Research
Working Papers
1. Regulatory Spillover and Consumer Welfare: The Case of Pharmaceutical Market Exclusivity Policy (with Yang Zhang) [Link To Draft]
(Revision Requested at the Rand Journal of Economics)
Abstract: This paper studies strategic spillovers of regulations intended for one particular market to other related markets and their implications for new product introduction and consumer welfare. We study the US pharmaceutical market, where market exclusivity is granted to the first over-the-counter drug, independent of patents for prescription drugs. Our paper shows that, due to the interplay of incentives in the prescription and the over-the-counter markets, the status-quo exclusivity policy reduces consumer welfare, as it causes many firms to delay entry into the over-the-counter market until prescription drug patents expire. In the counterfactual world, eliminating the exclusivity provision incentivizes firms to release the over-the-counter version earlier. However, it weakens firms’ incentives to make risky investments in R&D. An alternative policy that ties the over-the-counter drug exclusivity provision to prescription drug patent expiry dates preserves firms' R&D incentives while eliminating strategic incentives to delay, enhancing access to drugs and consumer welfare.
2. Welfare Effects of Trade Associations: The Case of the Chilean Salmon Export Industry (with Tom Eisenberg, Manuel Estay) [Link To Draft]
(Revision Requested at the Rand Journal of Economics)
Abstract: This paper examines the welfare consequences of a trade association in an exporting country on consumers in destination countries. We estimate a structural model of the Chilean Salmon exporting industry that endogenizes firms' pricing and export decisions. Our results show that the trade association has a strong positive effect on consumer utility and requires higher marginal costs of production, which is consistent with mechanisms of higher quality products and lower trade frictions. We also document robust evidence of collusive activity among trade association members. Our counterfactual analysis reveals that eliminating the trade association would still significantly decrease consumer welfare in destination countries.

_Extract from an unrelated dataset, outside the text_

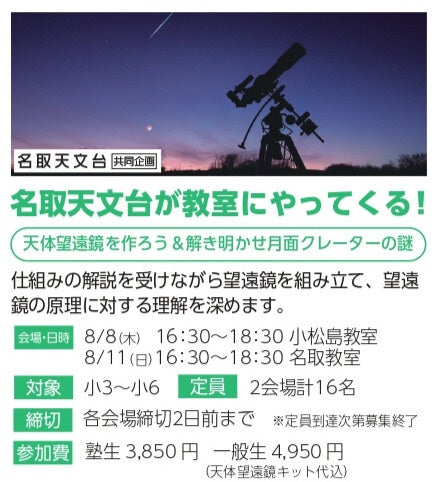 【宮城県のあすなろ学院×名取天文台】小学3年生~小学6年生対象特別講座「名取天文台が教室にやってくる! 天体望遠鏡を作ろう&月面クレーターの謎」8/8(木)、8/11(日)開催!
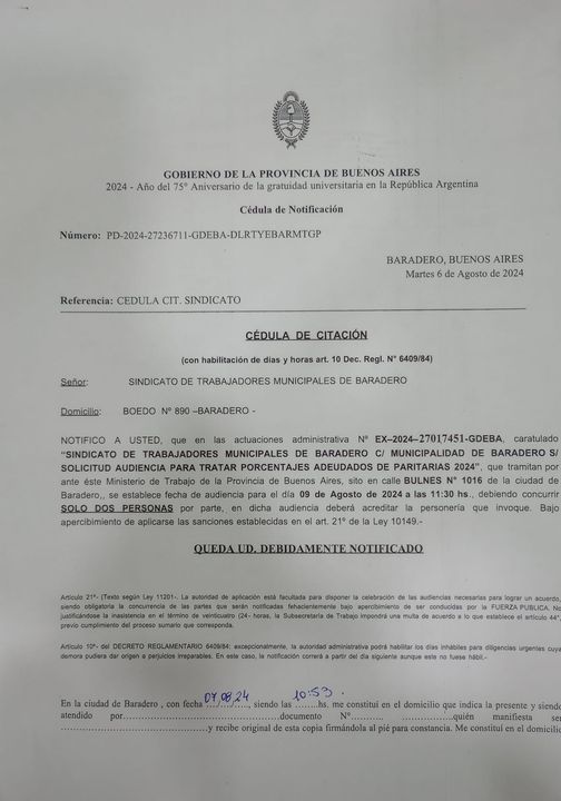 El encuentro tendrá lugar este viernes a la mañana en la sede local de la cartera laboral. Fue tras la presentación que hizo el Soemb luego de que el ejecutivo resolviera aplicar un aumento por decreto.

3. Domestic Tariffs and Consumer Welfare in Developing Countries: Evidence from India (with Jerónimo Callejas and Chirantan Chatterjee) [Link To Draft]
(Revision Requested at the Rand Journal of Economics)
Abstract: This paper studies the unintended welfare consequences of industrial policies designed to encourage domestic manufacturing in the context of developing countries. We explore the case of the tariff policy proposed by the Indian government to promote mobile handset production in India. We develop and estimate a structural model of India's mobile phone handset industry where firms endogenously decide supply chain alternatives, product sets, and prices. Our counterfactual simulations suggest that the continuation of the proposed policy would have resulted in lower investments in the supply chain within India, defeating the policy's goal and causing a drop in consumer surplus.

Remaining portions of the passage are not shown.